聽完這道聖旨,楊凝芷全線崩潰,今天的一切得來多麽不易隻有她自己知道,失去卻是一瞬間,叫她如何能接受,呼地爬到他的腳下:“皇上,臣妾是愛您的,您原諒臣妾一回吧。”
“帶下去,帶下去。”
玄寂離看着那張哀泣的秀麗臉龐,再聯想到她的所作所爲,厭惡地一揮手,揚起一腳将她踹倒在地。
宮人們一擁而上,将地上之人拉了出去,她不甘心啊,用力地掙紮着想要重新爬到他的腳下,可惜養尊處優慣了的人,又哪會是數個粗使宮婢的對手,被強行拖了出去。
跨過殿門的那一刻,楊凝芷無比留戀地看了一眼奢華至極的場所,實在是想不明白自己敗在了哪裏?
其實,玄寂離從來不相信窦漣漪會殘害皇子,更不相信她會殺人滅口,起初還隻是以爲五兒淘氣失錯害死了皇子,及至于所有證據都指向她時,反倒引起了他的警覺,看來這次的事件決非偶然,是以将計就計,先将五兒“杖斃”,再将窦漣漪幽禁白沙洲,好麻痹對手,以便暗地裏開展調查。
若楊凝芷知道正是自己的步步緊逼害得他起了疑,隻怕會悔不當初。
“既然窦氏是被冤枉的,皇上不如複了她的位吧。”皇後心情差極,好不容易扳倒了這個賤女人,結果成了這樣,自己還不得不故作大度地替她說話。
玄寂離點點頭:“皇後提醒得是,即日起恢複窦氏俪嫔之位。”
“臣妾……謝皇上恩典。”窦漣漪有些矛盾,又能與他名正言順地在一起了,心裏自是高興的,隻是再次踏進争鬥的璇窩中,與衆位妃嫔分享他的寵愛,心中又說不出的難受。
玄寂離上前抓住她的手握在自己大掌中:“怎麽聽上去好像很勉強的樣子。”
“哪有。”
這是她的宿命,既來之則安之吧,這麽一想,心情輕松了許多,又恢複了素日的俏皮之态。
“皇上與俪嫔好些日子沒見,臣妾不打擾了,先行告退。”今天是初一,看樣子皇上是不會去她的風華殿了,月碧落隐藏了失落與憤怒,貼心地告辭而去。
玄寂離牽着心愛的女人前行,十指連心,傳遞着彼此的心意:“真好,又能這樣牽着你的手了。”見她默默無言,他瞄了她一眼:“案子破了,怎麽還是不高興?莫非不願意回到朕身邊?”

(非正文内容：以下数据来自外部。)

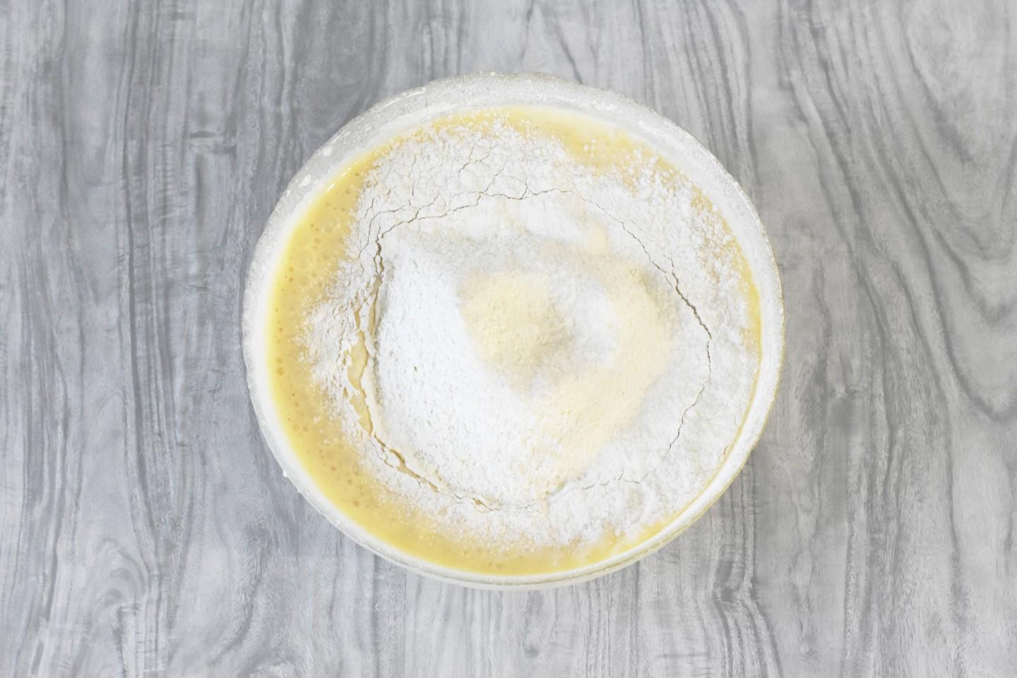 Всыпать мучную смесь в тесто.

“不是,就是覺得五兒死得冤。”真兇是抓到了,可人死不能複生了。
他呵呵一笑,“就爲這個呀。”
“皇上,雖說五兒隻是一介宮婢,到底也是一條性命,如今枉死,您能别不以爲然地笑嗎?”她忍不住白了他一眼,對他的麻木不仁極是不滿。
不想玄寂離笑得更是詭異了,“李連成,帶進來吧。”
話音落地,一個人嚷嚷着飛了進來,“主子姐姐,想死五兒了。”
“五兒,真的是你嗎?”看到那張調皮的面容時,窦漣漪簡直不敢相信這是真的,直到小人兒撲進懷裏,她這裏摸摸,那裏拉拉,終于确信是五兒無疑,“你還活着,太好了。”
五兒仰起小臉,嘻嘻一笑:“五兒福大命大,死不了。”
“皇上,這到底是怎麽一回事?”窦漣漪終于從喜悅中出來,不禁疑惑地問。
玄寂離睨了她一眼:“你以爲朕真是昏君嗎,還是以爲朕當真不了解你的爲人?朕愛的女人,怎麽可能做出那樣惡劣的事來。”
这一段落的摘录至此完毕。